Work instruction =>
Give back exactly the lines from the start of the entries below to the line holding "Na tarde de", that line included, and leave every picture out.

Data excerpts
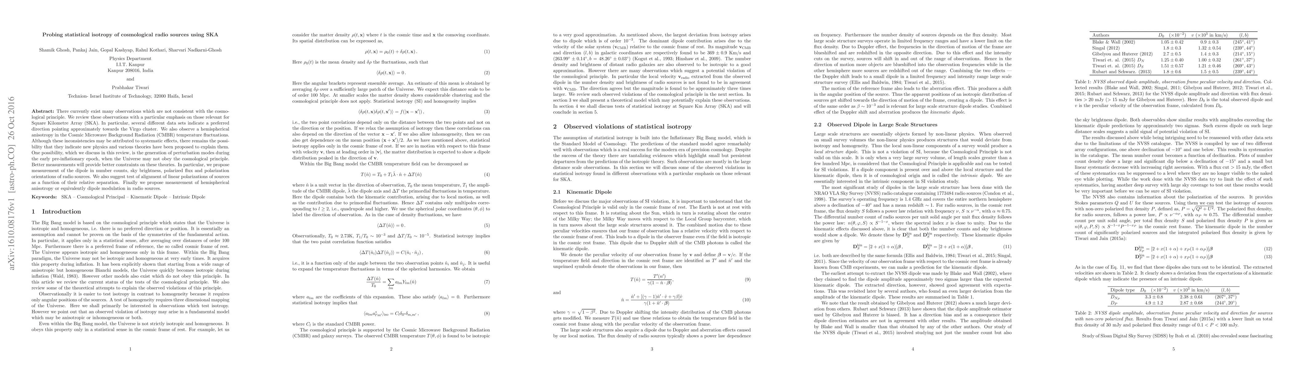 There currently exist many observations which are not consistent with the cosmological principle. We review these observations with a particular emphasis on those relevant for Square Kilometre Array (SKA). In particular, several different data sets indicate a preferred direction pointing approximately towards the Virgo cluster. We also observe a hemispherical anisotropy in the Cosmic Microwave Background Radiation (CMBR) temperature fluctuations. Although these inconsistencies may be attributed to systematic effects, there remains the possibility that they indicate new physics and various theories have been proposed to explain them. One possibility, which we discuss in this review, is the generation of perturbation modes during the early pre-inflationary epoch, when the Universe may not obey the cosmological principle. Better measurements will provide better constraints on these theories. In particular, we propose measurement of the dipole in number counts, sky brightness, polarized flux and polarization orientations of radio sources. We also suggest test of alignment of linear polarizations of sources as a function of their relative separation. Finally we propose measurement of hemispherical anisotropy or equivalently dipole modulation in radio sources.
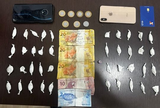 Na tarde de sexta-feira (12), durante patrulhamento na Rua Engenheiro Jaime Pinheiro Ulhôa Cintra, no bairro Bom Retiro, em Sumaré, policiais flagraram um homem e uma mulher realizando a troca de objetos por dinheiro. Ao perceberem a presença da viatura, o homem tentou se afastar, enquanto a mulher dispensou uma sacola no chão. Abordada, ela confessou que comercializava drogas no local. Com a suspeita foram encontradas 41 porções de cocaína, uma porção de crack e R$ 78,50 em dinheiro. O homem, que havia acabado de adquirir o entorpecente, tentou dispensar quatro porções de cocaína. Ambos foram conduzidos ao Distrito Policial, onde o homem foi liberado e a mulher permaneceu presa.
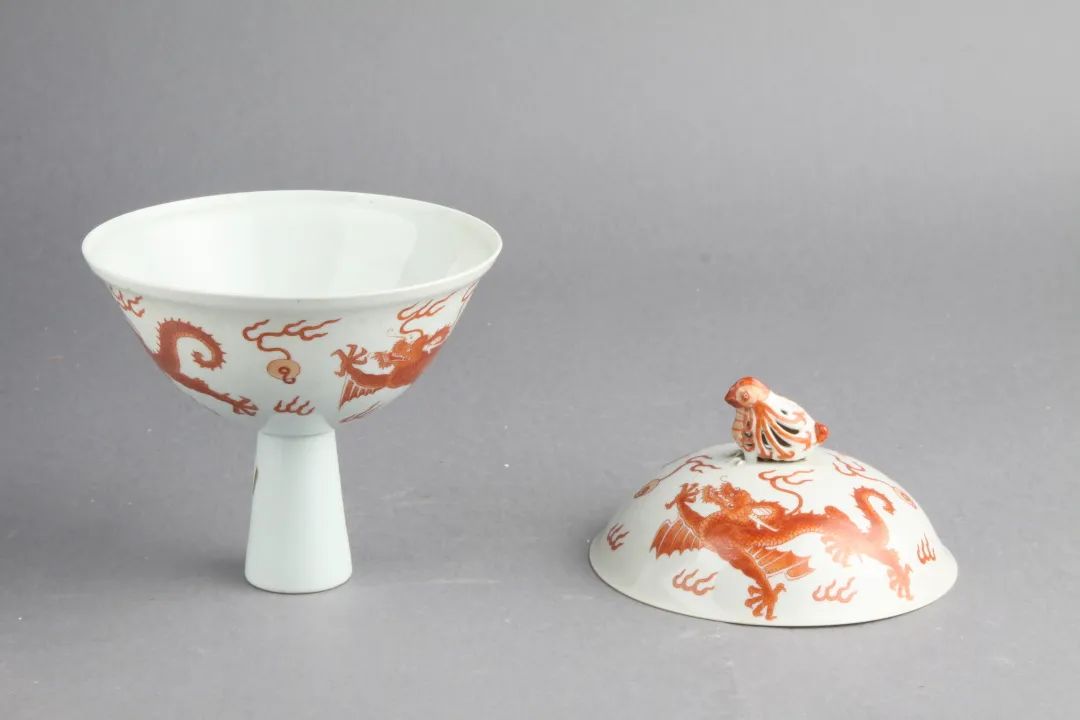 Ceramic high-foot bowl with red dragon patterns and a lid decorated with a chicken-shaped knob, Qianlong Reign (1736-95) of the Qing Dynasty [Photo/Official WeChat account of the Zhangjiagang Museum]
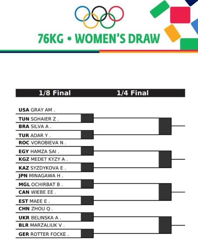 Наталья Воробьева эхлээд Африкийн аварга Самар Хамзатай таарсан. Энэ хэсэгт 2020 оны Азийн АШТ-ий мөнгөн медальт Киргизийн Айпери Медет Кызы, 2021 оны Азийн аварга Казахстаны Эльмира Сыздыкова байна. Шалгарсантай нь хагас шигшээд АНУ-ын Аделин Грей, 2018 оны дэлхийн аварга Туркийн Ясмин Адар нарын нэг тулах болов уу.
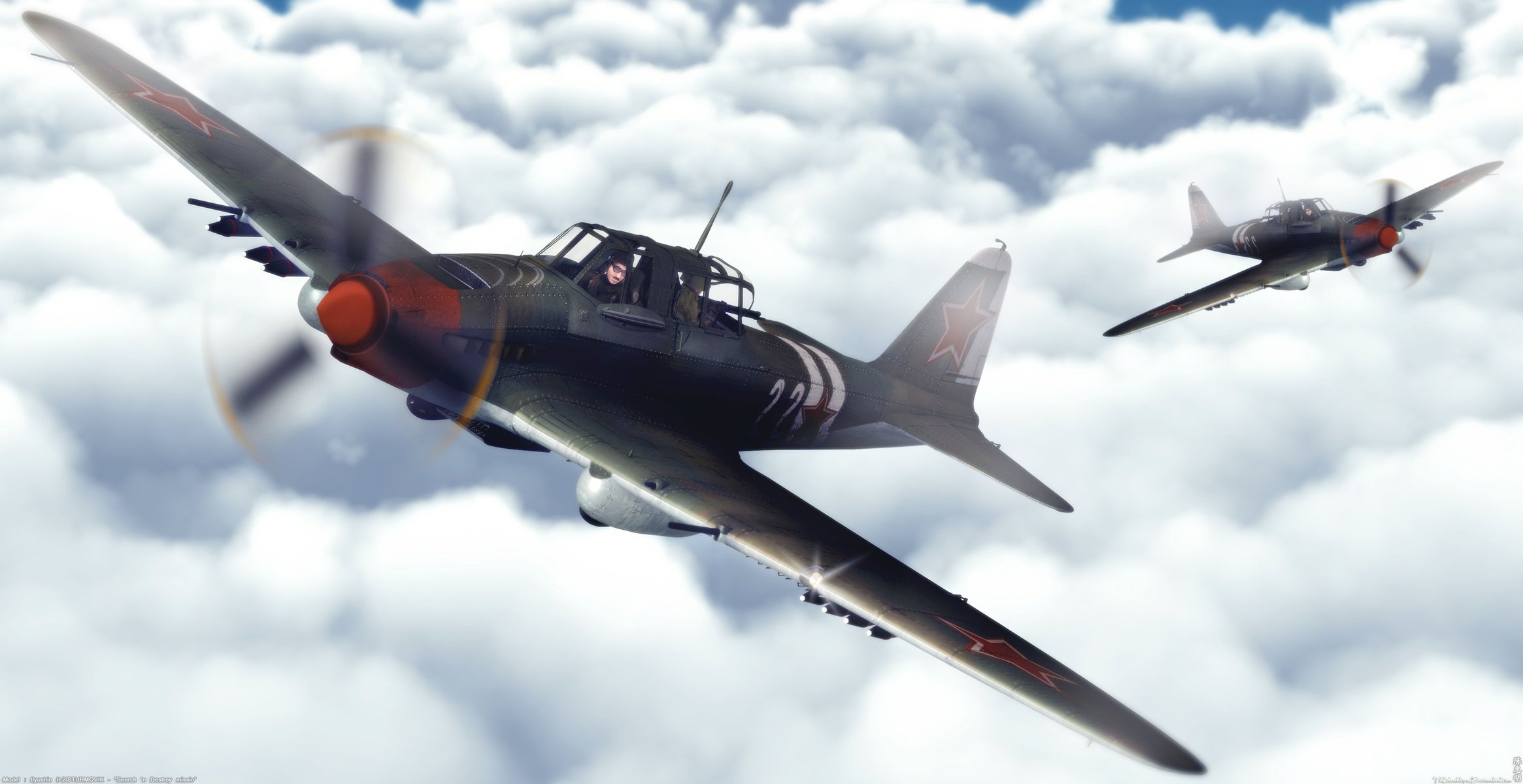 Der Flug von zwei Militärflugzeugen über das grün geprägte Gelände
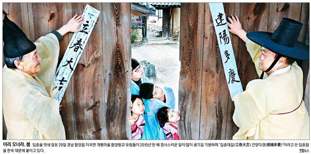 경향신문은 1면을 통해 다가올 봄 분위기를 일찍이 전했다. 경향은 경남 함양읍 지곡면 개평마을 함양향고 유림들이 ‘입춘대길 건양다경’이라고 쓴 입춘첩을 한옥 대문에 붙이는 모습을 1면에 실었다.
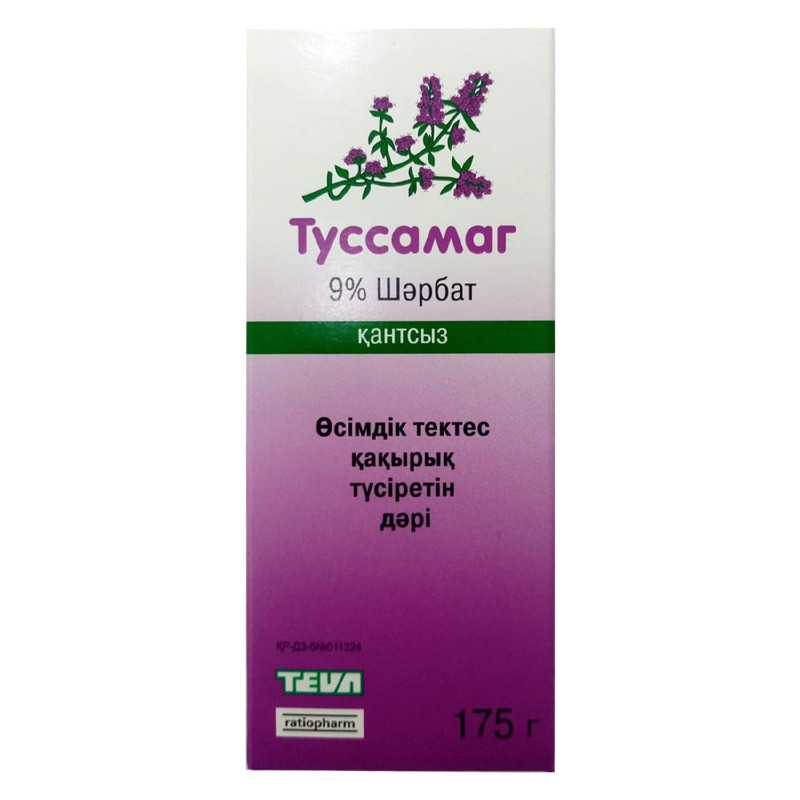 Коричневая сиропообразная сладковатая жидкость с характерным запахом тимьяна | Состав+100 г сиропа содержатжидкий экстракт тимьяна 9,0 г | Противопоказания+- декомпенсация сердечной деятельности- повышенная индивидуальная чувствительность к препарату- дети до 1 года. | Побочные действия+- возможны аллергические реакции при повышенной индивидуальной чувст-вительности к компонентам препарата. | Способ применения+Применяется внутрь.- взрослые: 3-4 раза в день по 2-3 чайные ложки (10-15 мл)- дети старше 5 лет и подростки: 3-4 раза в день по 1-2 чайные ложки (5-10 мл)- дети от 1 до 5 лет: 2-3 раза в день по 1 чайной ложке (5 мл)Курс лечения составляет 5-7 дней. В случае сохранения кашля после 7 днейнеобходимо обратиться к врачу. | Показания к применению+- заболевания верхних дыхательных путей с трудно отделяемой мокротой (бронхиты, трахеиты, трахеобронхиты, коклюш и др.) в составе комплекс-ной терапии. | МНН: ТимьянОбъем:
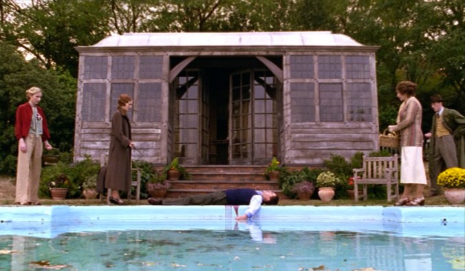 His physical entrance takes nearly three pages of walking, but when he finally comes upon the family at the swimming pool, Christie imbues the moment with a telling theatricality that she allows both Poirot and the reader to misinterpret:
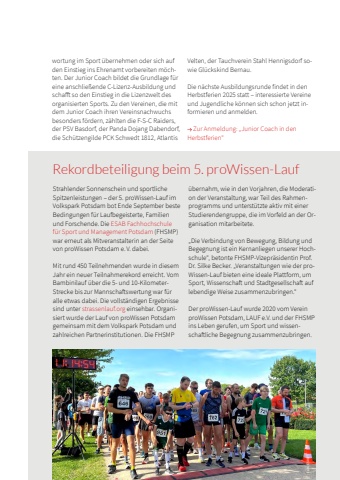 09 2025 LSB Sportjournal/33wortung im Sport %u00fcbernehmen oder sich auf den Einstieg ins Ehrenamt vorbereiten m%u00f6chten. Der Junior Coach bildet die Grundlage f%u00fcr eine anschlie%u00dfende C-Lizenz-Ausbildung und schafft so den Einstieg in die Lizenzwelt des organisierten Sports. Zu den Vereinen, die mit dem Junior Coach ihren Vereinsnachwuchs besonders f%u00f6rdern, z%u00e4hlten die F-S-C Raiders, der PSV Basdorf, der Panda Dojang Dabendorf, die Sch%u00fctzengilde PCK Schwedt 1812, Atlantis Velten, der Tauchverein Stahl Hennigsdorf sowie Gl%u00fcckskind Bernau. Die n%u00e4chste Ausbildungsrunde findet in den Herbstferien 2025 statt %u2013 interessierte Vereine und Jugendliche k%u00f6nnen sich schon jetzt informieren und anmelden. Zur Anmeldung: %u201eJunior Coach in den Herbstferien%u201c Strahlender Sonnenschein und sportliche Spitzenleistungen %u2013 der 5. proWissen-Lauf im Volkspark Potsdam bot Ende September beste Bedingungen f%u00fcr Laufbegeisterte, Familien und Forschende. Die ESAB Fachhochschule f%u00fcr Sport und Management Potsdam (FHSMP) war erneut als Mitveranstalterin an der Seite von proWissen Potsdam e. V. dabei.Mit rund 450 Teilnehmenden wurde in diesem Jahr ein neuer Teilnahmerekord erreicht. Vom Bambinilauf %u00fcber die 5- und 10-KilometerStrecke bis zur Mannschaftswertung war f%u00fcr alle etwas dabei. Die vollst%u00e4ndigen Ergebnisse sind unter strassenlauf.org einsehbar. Organisiert wurde der Lauf von proWissen Potsdam gemeinsam mit dem Volkspark Potsdam und zahlreichen Partnerinstitutionen. Die FHSMP %u00fcbernahm, wie in den Vorjahren, die Moderation der Veranstaltung, war Teil des Rahmenprogramms und unterst%u00fctzte aktiv mit einer Studierendengruppe, die im Vorfeld an der Organisation mitarbeitete. %u201eDie Verbindung von Bewegung, Bildung und Begegnung ist ein Kernanliegen unserer Hochschule%u201c, betonte FHSMP-Vizepr%u00e4sidentin Prof. Dr. Silke Becker. %u201eVeranstaltungen wie der proWissen-Lauf bieten eine ideale Plattform, um Sport, Wissenschaft und Stadtgesellschaft auf lebendige Weise zusammenzubringen.%u201c Der proWissen-Lauf wurde 2020 vom Verein proWissen Potsdam, LAUF e.V. und der FHSMP ins Leben gerufen, um Sport und wissenschaftliche Begegnung zusammenzubringen. Rekordbeteiligung beim 5. proWissen-Lauf Foto: ESAB
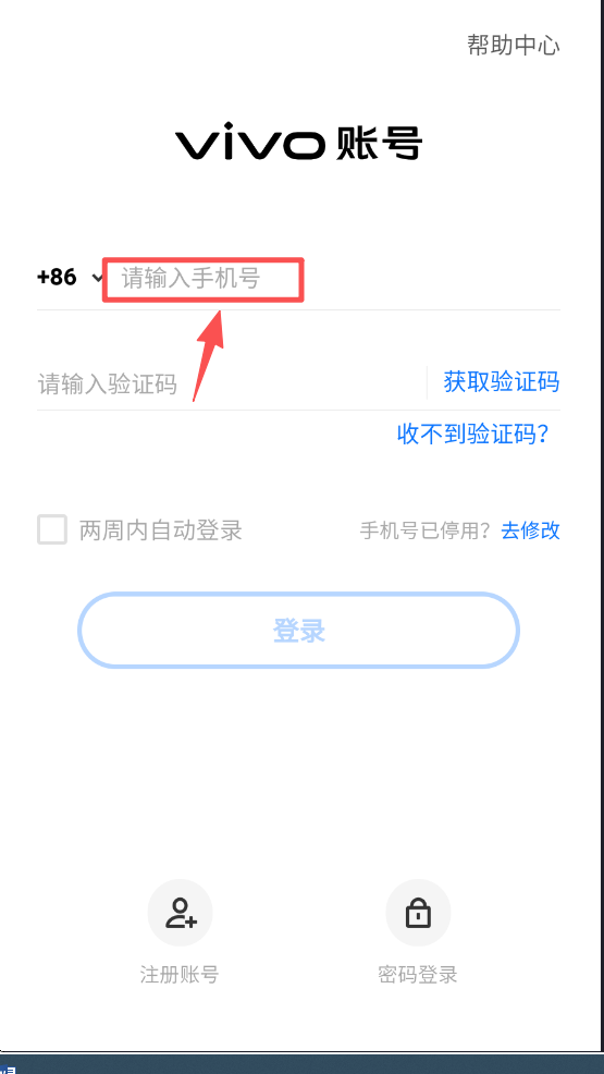 1、在 vivo 账号登录页,点击 “请输入手机号” 框,准备填写账号信息。
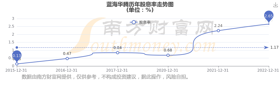 藍(lán)海華騰歷年股息率走勢(shì)如下圖:
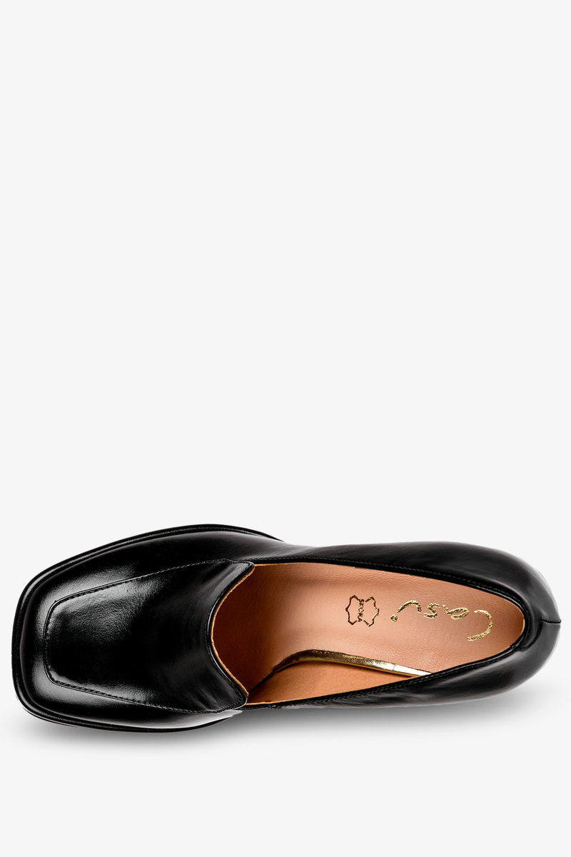 Czarne mokasyny na klocku błyszczące POLSKA SKÓRA Casu 3195-39
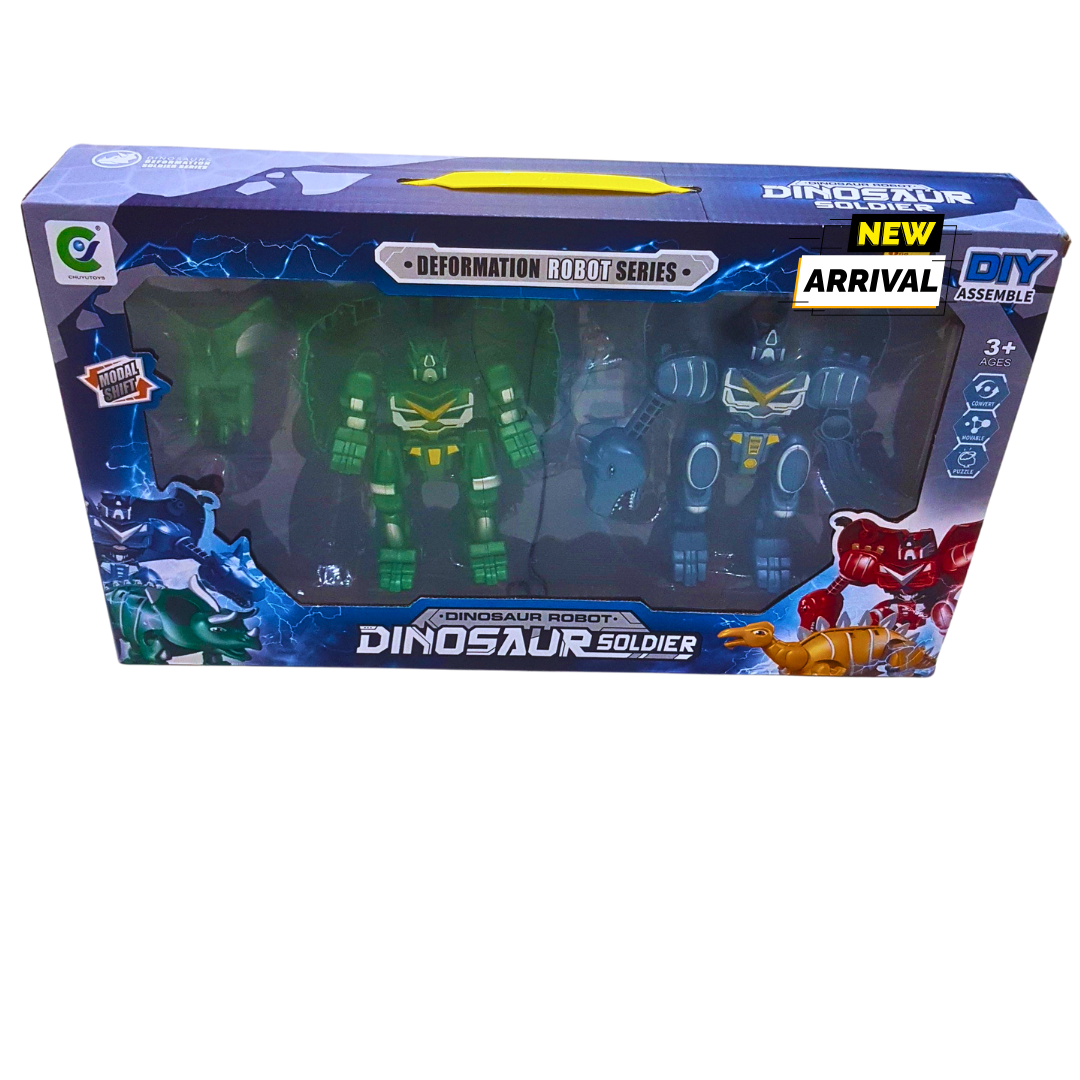 The Dinosaur Soldier Deformation Robot Series is an exciting DIY transformable robot set designed for kids aged 3 and above. This set includes two dynamic dinosaur-themed robots that can switch between robot and dinosaur forms, offering endless creative play. Featuring a "Modal Shift" transformation system, these robots allow children to assemble and modify their figures for a personalized experience. With vibrant colors and a futuristic design, this toy set is perfect for young fans of robots and dinosaurs alike.

Exercise output =>
 There currently exist many observations which are not consistent with the cosmological principle. We review these observations with a particular emphasis on those relevant for Square Kilometre Array (SKA). In particular, several different data sets indicate a preferred direction pointing approximately towards the Virgo cluster. We also observe a hemispherical anisotropy in the Cosmic Microwave Background Radiation (CMBR) temperature fluctuations. Although these inconsistencies may be attributed to systematic effects, there remains the possibility that they indicate new physics and various theories have been proposed to explain them. One possibility, which we discuss in this review, is the generation of perturbation modes during the early pre-inflationary epoch, when the Universe may not obey the cosmological principle. Better measurements will provide better constraints on these theories. In particular, we propose measurement of the dipole in number counts, sky brightness, polarized flux and polarization orientations of radio sources. We also suggest test of alignment of linear polarizations of sources as a function of their relative separation. Finally we propose measurement of hemispherical anisotropy or equivalently dipole modulation in radio sources.
 Na tarde de sexta-feira (12), durante patrulhamento na Rua Engenheiro Jaime Pinheiro Ulhôa Cintra, no bairro Bom Retiro, em Sumaré, policiais flagraram um homem e uma mulher realizando a troca de objetos por dinheiro. Ao perceberem a presença da viatura, o homem tentou se afastar, enquanto a mulher dispensou uma sacola no chão. Abordada, ela confessou que comercializava drogas no local. Com a suspeita foram encontradas 41 porções de cocaína, uma porção de crack e R$ 78,50 em dinheiro. O homem, que havia acabado de adquirir o entorpecente, tentou dispensar quatro porções de cocaína. Ambos foram conduzidos ao Distrito Policial, onde o homem foi liberado e a mulher permaneceu presa.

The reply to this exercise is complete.